「ヤッたからって恋人とは限らない」メンヘラの“ヤリマンアイドル”にとって、セックスする意味とは?

 “誰とでもセックスするヤリマン”と聞くと、我々は、受け身の人間性を想像してしまいがちである。確かに、一昔前に“サセ子”“公衆便所”と呼ばれていたようなヤリマン女性たちのイメージは、男の欲望に無条件に従う(どこか頭の弱い)女というものである。つまり、完全に他者の価値観、他者の欲望の中で生きているような女性像だ。

 しかし、昨年から“ヤリマン”を冠したトークライブを主催している筆者が会うような近年のヤリマン女性たちの多くは、驚くほど自己中心的で、自らの欲望を最優先する「捕食者」のメンタリティーなのだ。果たして、“ヤリマン”を自称する女性は、女性読者の目にはどう映るのだろうか?

第3回 ヤリマンアイドル白玉あも(前編)

■「セックス=恋人」じゃないって思った

 前回、前々回と紹介したヤリマンが「陽のヤリマン」なら今回紹介するのは「陰のヤリマン」。果てしなく暗い北の大地が育んだ、世にも不思議な“ヤリマンアイドル”白玉あも(33歳)である。

 ヤリマンアイドルは、歌を歌うわけでも、CDを出すわけでもない。アイドルがイベントで歌を歌うように、エロ系のトークライブに出てエロ話をし、アイドルがファンと触れ合ってチェキを撮るように、客に直接“顔面騎乗をしながら”チェキを撮る。

 北海道の最東部、人口3万人の根室市。年の離れた3人兄姉の末っ子として生まれ、小学生の頃には両親が離婚、母親とのいびつなふたり暮らしが始まる。情緒不安定な女の子、いわゆる「メンヘラ」だった。

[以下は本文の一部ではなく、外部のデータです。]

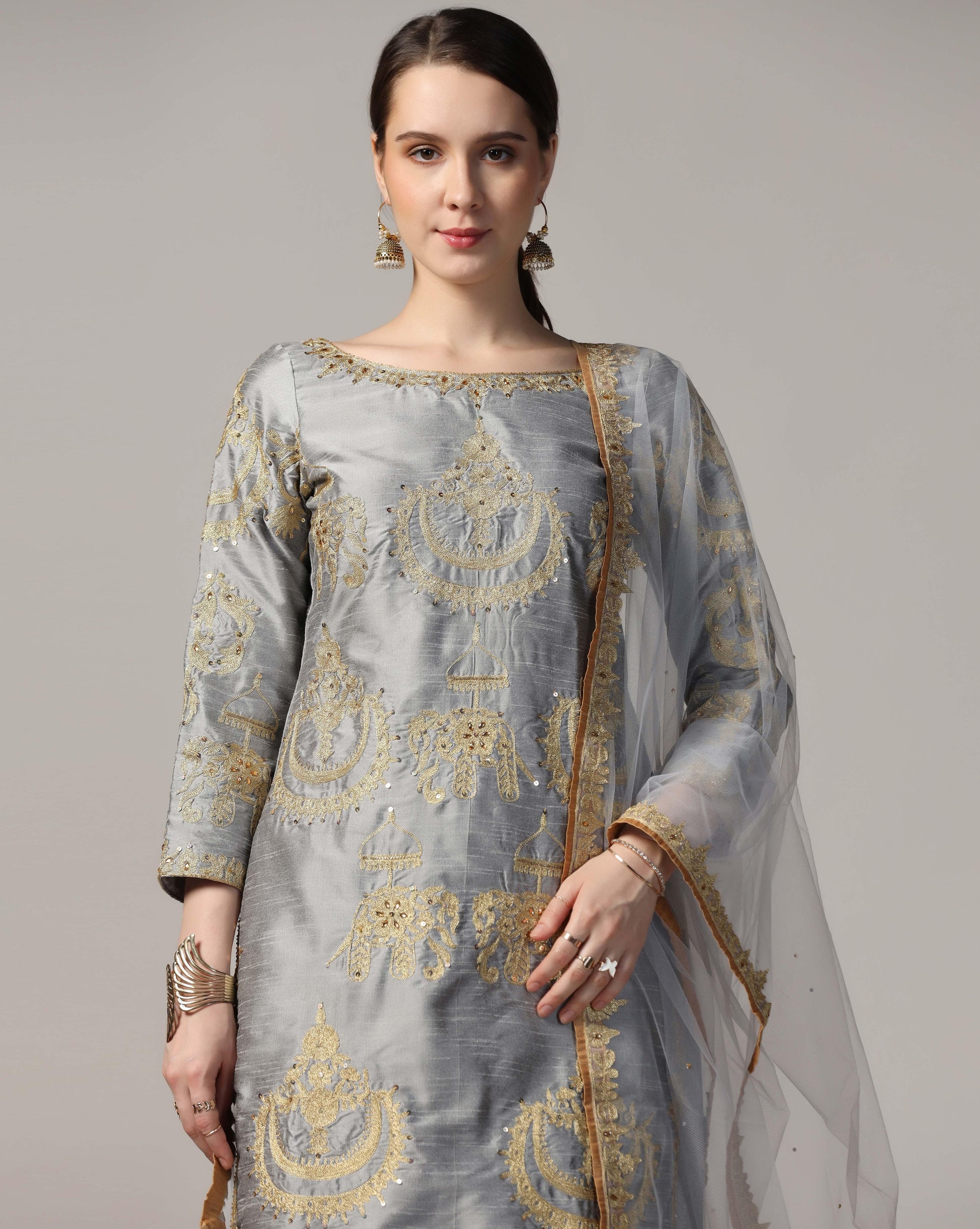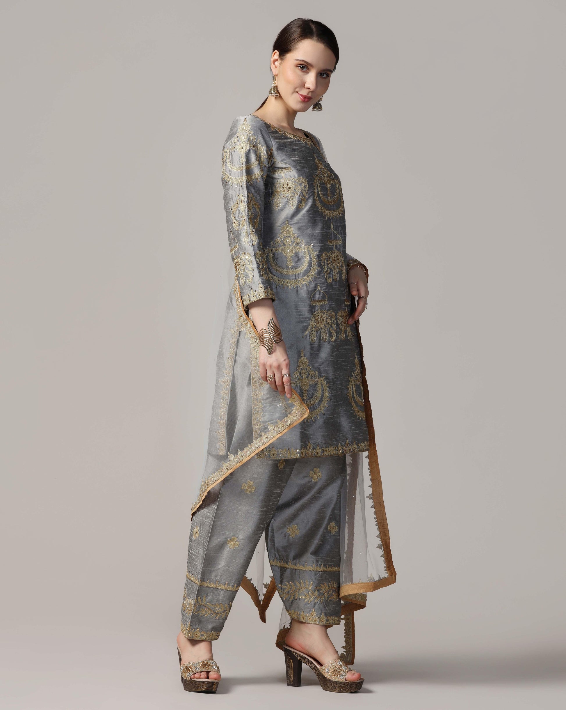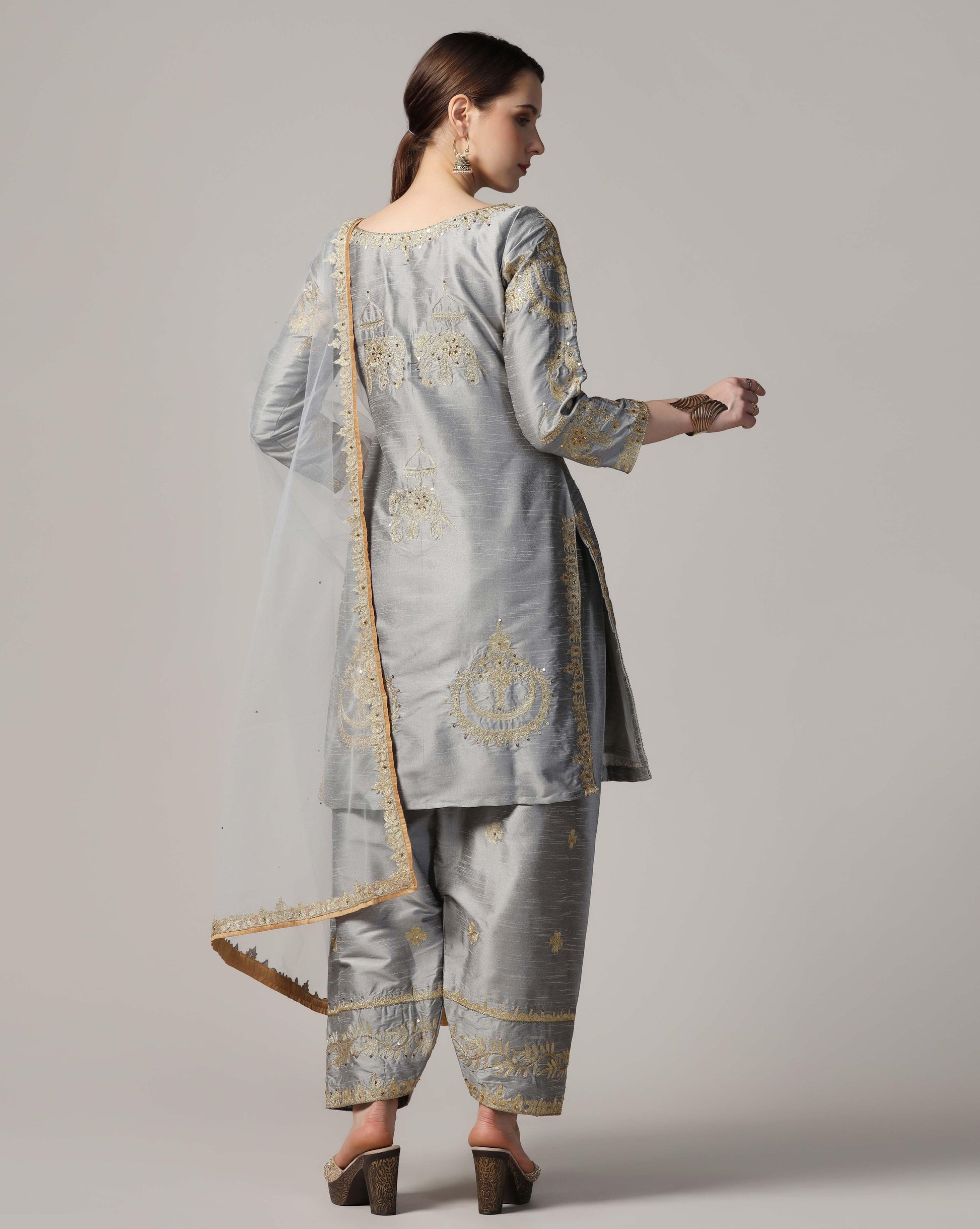Silver golw, dupion silksuit with golden touch

現在もたまにしているという自傷行為、リストカットを始めたのは中学生の頃。

「“死にたい”という気持ちもなかったし、理科室に、ちょうどよさそうな刃物があって、単純に切ってみたいと思っちゃった。感覚的におかしいんでしょうね、自分を傷付けてみたいって……。その時は1回で止まったんだけど、高校生くらいからは、急に机をドーンってやったり、教室で発狂したり してました。今となっては“親がいなかったのが寂しかったんだろうな”ってわかるんだけど、当時はなんで自分がそうなっちゃうかわかんなくて」

 そんな多感な15歳の頃にした初めてのセックスが、その後のセックス観を決定づけた。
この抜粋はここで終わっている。